▶ YOUR ASSIGNMENT
Print exactly the lines of the listing below from the one containing "AIGC生成优漫教育U仔建模效果图制作感恩节海报" through the final line, both included, and no pictures.

▶ SOURCE DATA

━━━━━━━━━━━━━━━━━━━━━━━━━━━━━━

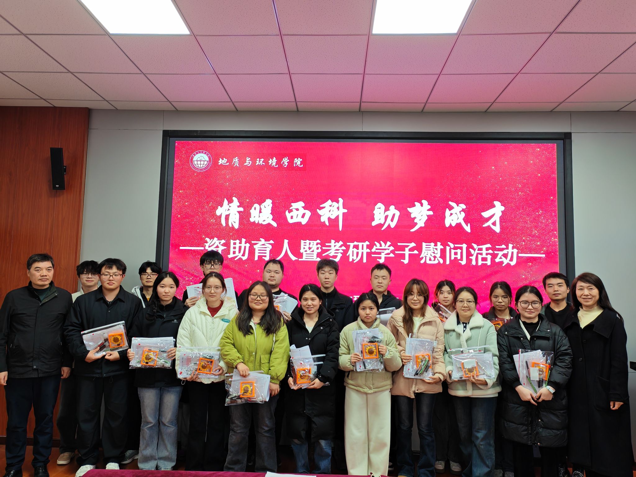 活动现场,学院还为考研学子发放了精心准备的慰问品,传递温暖与关怀,并预祝大家在考研中取得理想成绩。
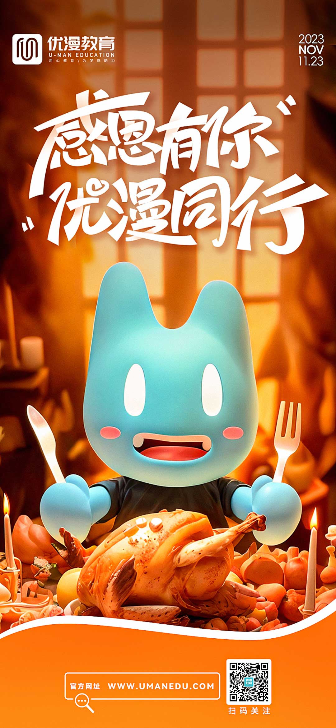 AIGC生成优漫教育U仔建模效果图制作感恩节海报
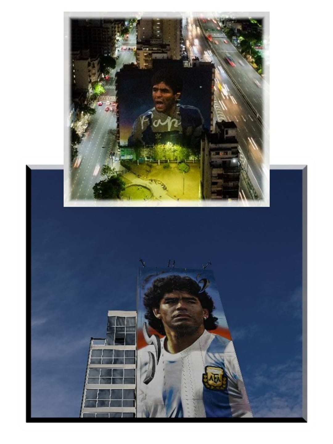 ৩৫ মিটার দীর্ঘ এই দেওয়ালচিত্রে মারাদোনার মেয়েরা তুলির টান দেন, এবং লেখেন "হ্যালো, ড্যাডি"
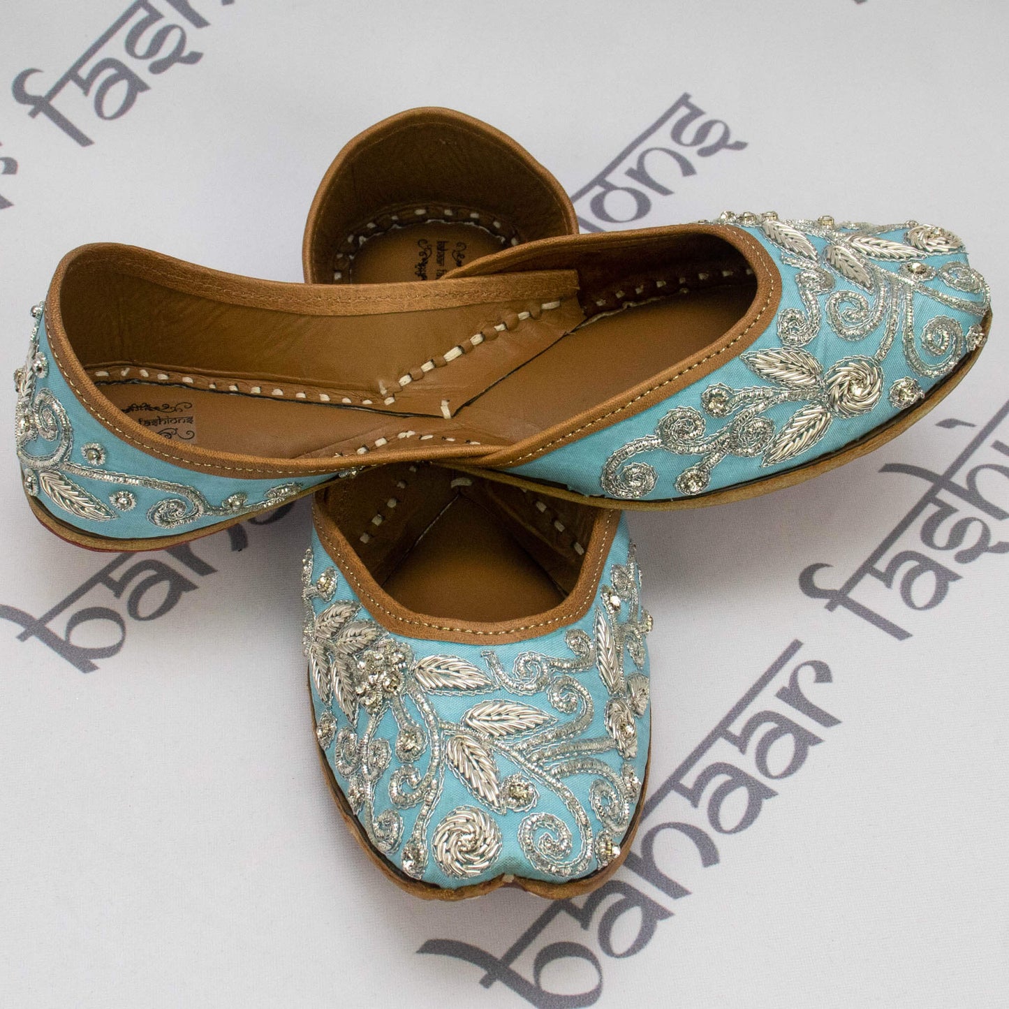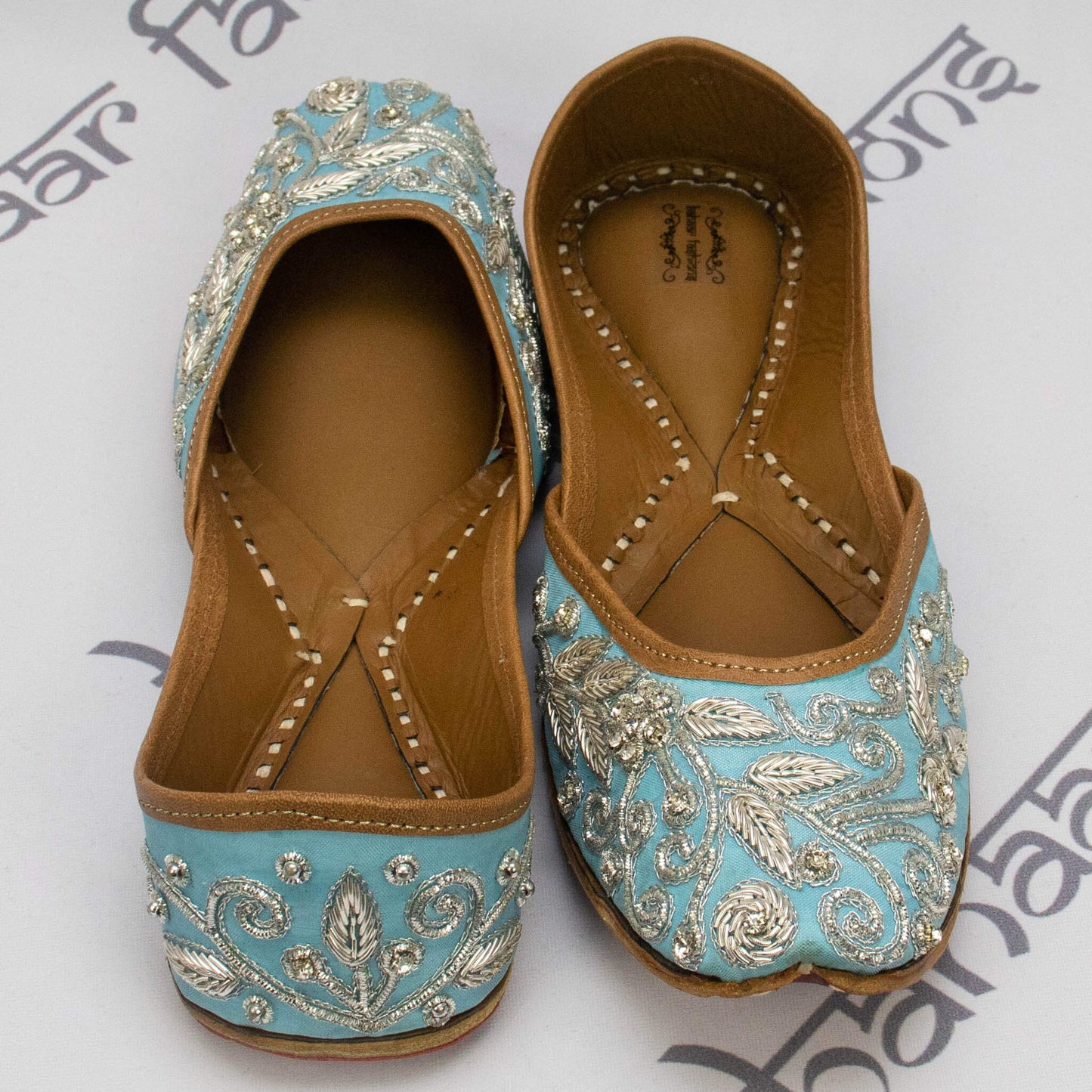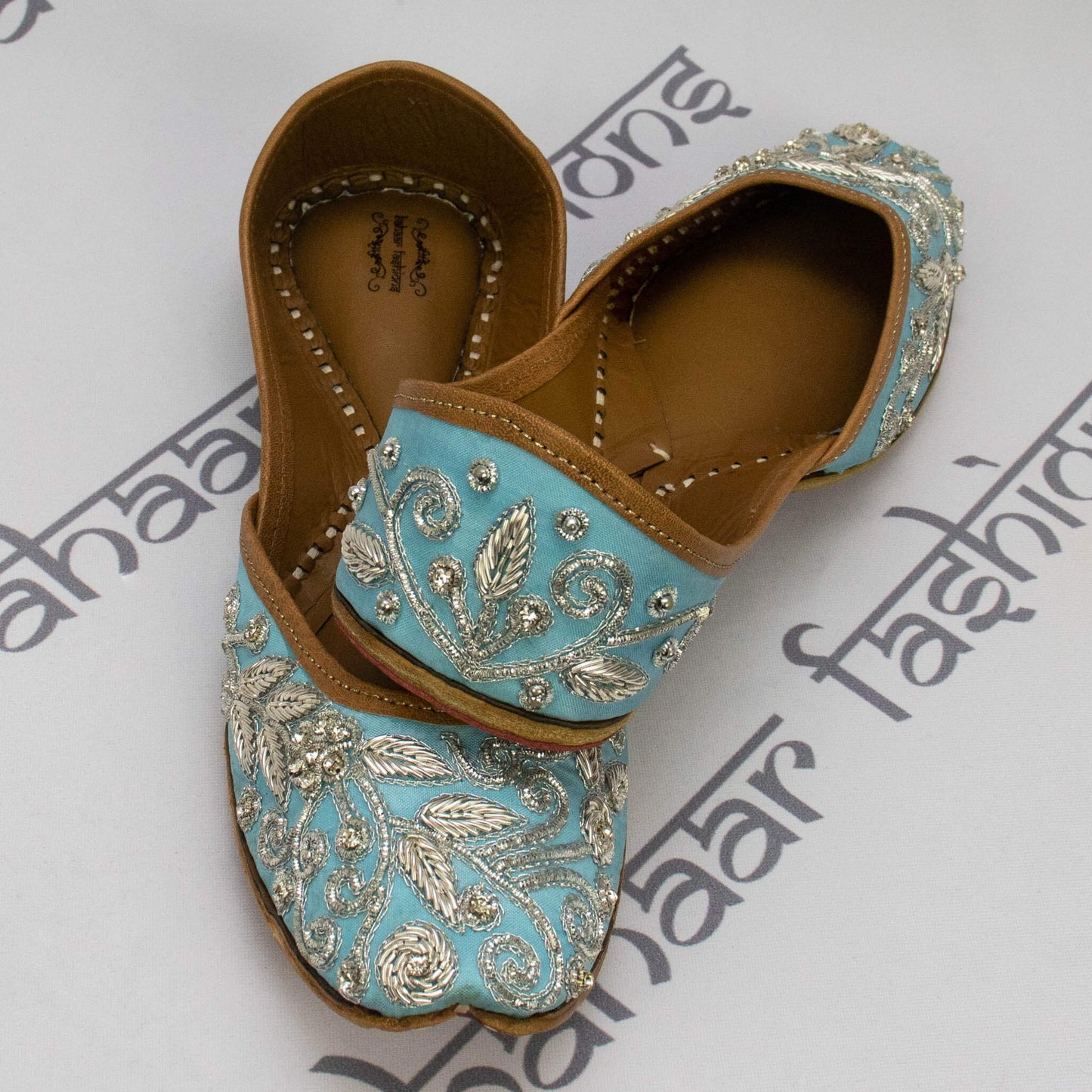 Regular price $15.00Exquisite ice blue punjabi jutti embellished with intricate zardozi embroidery. The interior is made of genuine leather with a double cushion making the jutti very comfortable to wear.

━━━━━━━━━━━━━━━━━━━━━━━━━━━━━━

▶ ANSWER BOX
 AIGC生成优漫教育U仔建模效果图制作感恩节海报
 ৩৫ মিটার দীর্ঘ এই দেওয়ালচিত্রে মারাদোনার মেয়েরা তুলির টান দেন, এবং লেখেন "হ্যালো, ড্যাডি"
 Regular price $15.00Exquisite ice blue punjabi jutti embellished with intricate zardozi embroidery. The interior is made of genuine leather with a double cushion making the jutti very comfortable to wear.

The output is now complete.